> [AIM OF THE EXERCISE] Your copy of the entries below should hold exactly the lines from the one containing "Continuing their series" to the one containing "중국자동차공업협회(中国汽车工业协会)에 따르면 2018년", inclusive, and no pictures.

> [RECORDS PROVIDED]
──────────────────────────────

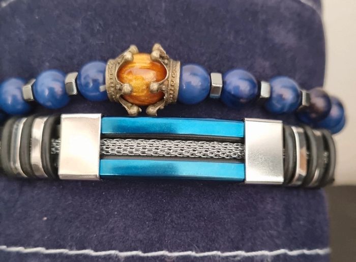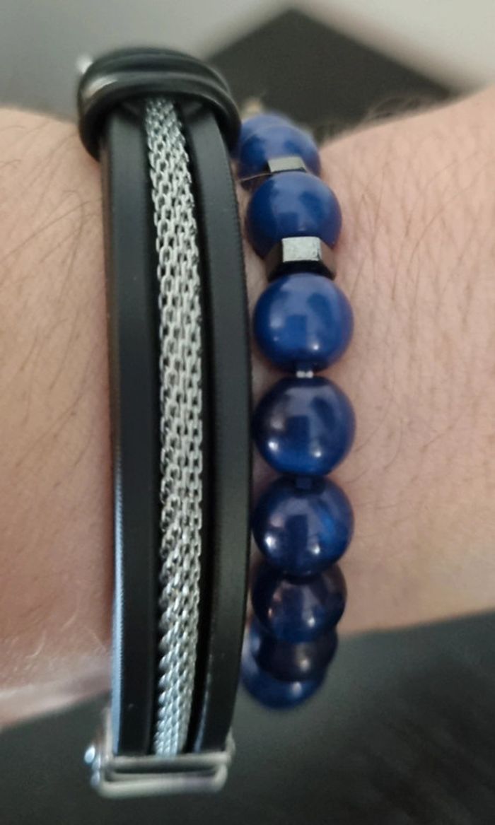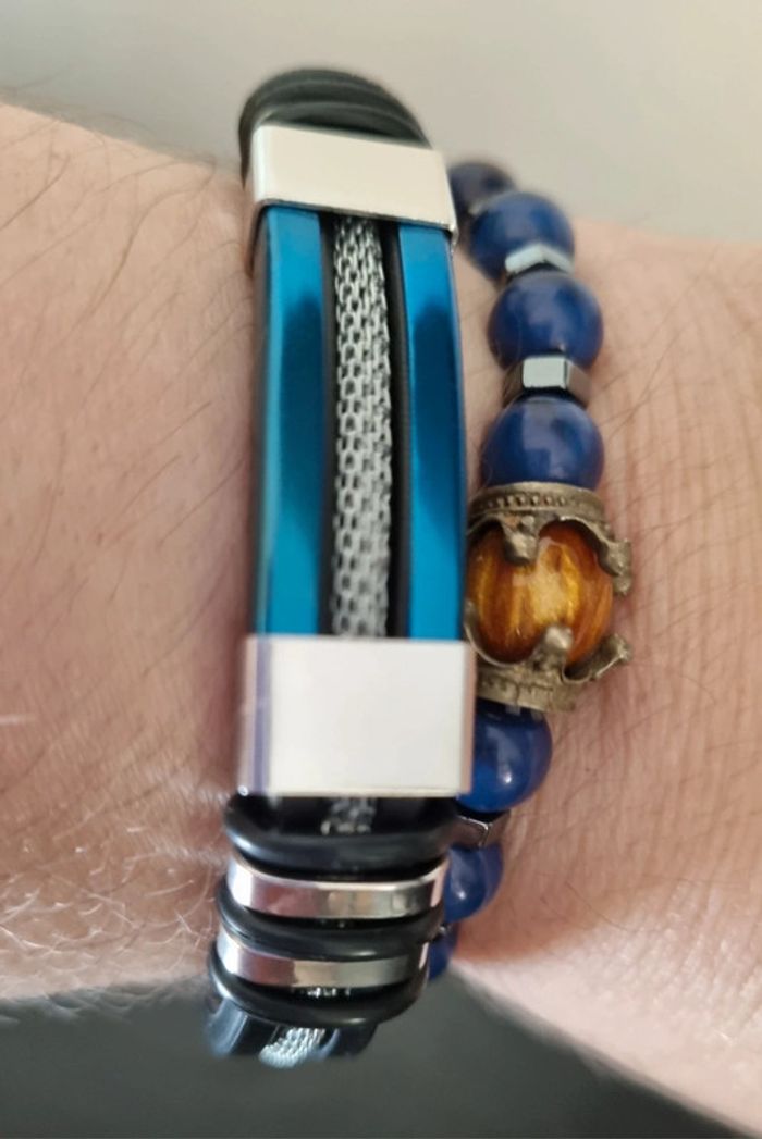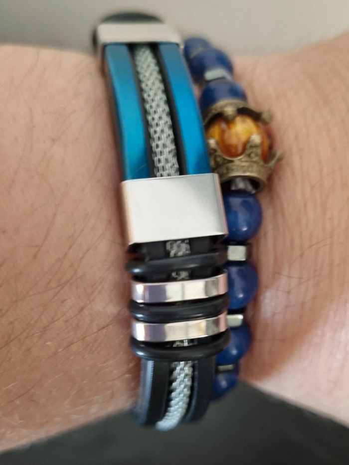 Ensemble montre et 2 bracelets fantaisie Coloris bleu azur Comprend: -1 Montre quartz ronde avec aiguille pour homme, bracelet fantaisie en polyuréthane - 2 bracelets ( 1 en perles et 1 en métal) Longueur bracelets metal: 22 cm Neufs, jamais portés Vendus sans boîte
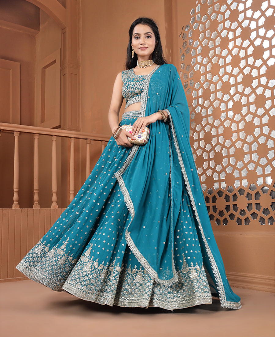 Lehenga: Georgette Fabric With Sequins Embroidery Work
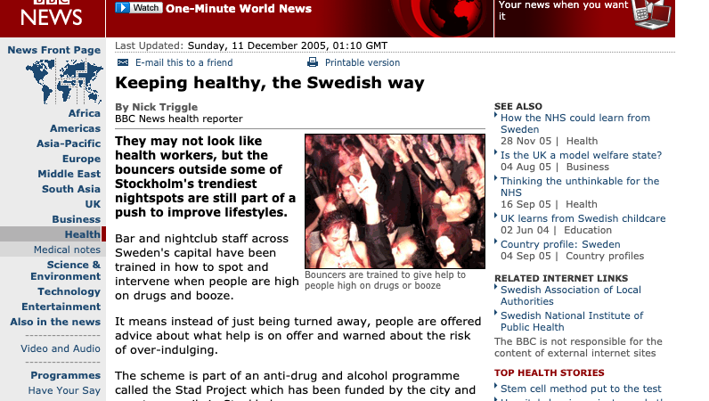 Continuing their series about Sweden, BBC News Online has published a new article about Swedish public health. Read it here. This article is more detailed than the other ones they have posted on the website. It looks in depth about how the decentralised nature of Swedish healthcare might be better than the centralised NHS. There is also a pop-up window with some excellent stats about the health of the British and Swedish populations.
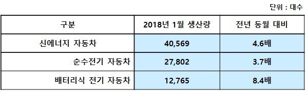 중국자동차공업협회(中国汽车工业协会)에 따르면 2018년 1월 신에너지 자동차 생산량은 4만569대로 전년 동월 대비 약 4.6배 증가했다.
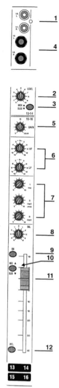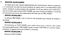 AUX 2 POST/PRE Los canales de entrada ofrecen envíos AUX 2 pre y post-fader, que pueden seleccionarse en toda la mesa en la sección master. Pulse el botón POST/PRE para hacer todos los envíos AUX 2 de los canales pre-fader. Esto significa que no se verán afectados por la posición de los faders del canal, haciéndolos ideales para FOLDBACK o MONITORES. Al soltar el conmutador, los envíos AUX 2 son post-fader, y subirán o bajarán con el fader de canal. Esto es mas adecuado para envíos a efectos, que tienen que desvanecerse con la fuente asociada.

──────────────────────────────

> [RESPONSE TO THE EXERCISE]
 Continuing their series about Sweden, BBC News Online has published a new article about Swedish public health. Read it here. This article is more detailed than the other ones they have posted on the website. It looks in depth about how the decentralised nature of Swedish healthcare might be better than the centralised NHS. There is also a pop-up window with some excellent stats about the health of the British and Swedish populations.
 중국자동차공업협회(中国汽车工业协会)에 따르면 2018년 1월 신에너지 자동차 생산량은 4만569대로 전년 동월 대비 약 4.6배 증가했다.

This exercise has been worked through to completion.